All of the code between the BEGIN and END was just plain SQL with no error or exception handling at all. Having so many inserts, updates, deletes, and joins is really an accident just waiting to happen. Initially, the developers were delighted that their code was experiencing no errors. One could even see a little of the Dunning–Kruger effect as they began to tempt fate by saying things like “This PL/SQL stuff is pretty simple, just add a BEGIN, COMMIT, and END and you’re good to go.” The only problem was that the PL/SQL code was initially running successfully each night, i.e., no inconvenient errors. This initial success would prove to be short-lived.

Over time, with new incoming data and minor modifications to the script, the overly complex SQL block failed because of an attempted duplicate key insertion.
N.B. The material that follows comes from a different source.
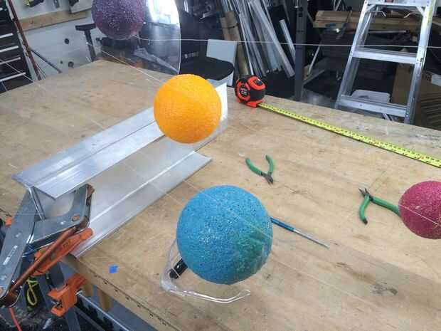 La línea de pesca a través del hilo de rosca y atar nudos en cada extremo lo suficientemente grande como para no deslizarse a través del orificio que ha perforado. He encontrado esto para ser la más perfecta forma de suspender las bolas. Asegure con un pegamento de acrílico/plástico o caliente.

This is a common enough error condition and one that it is prudent to prepare for in your PL/SQL code. As you’ll see in later chapters, it’s easy enough to add this type of error handling. But in the present case, once the SQL block failed, then the whole block was automatically rolled back. Sadly, the log table update was also part of the main transaction, so it too was rolled back. The difficulty with this technique is that any clues about the source of the error are also rolled back into oblivion. This would result in a great deal of developer angst.

The overall effect was that, after the first time the error appeared, it looked like one of the following had occurred:

  • The job didn’t run at all.
  • The job succeeded with no errors or data.
  • The job was rolled back.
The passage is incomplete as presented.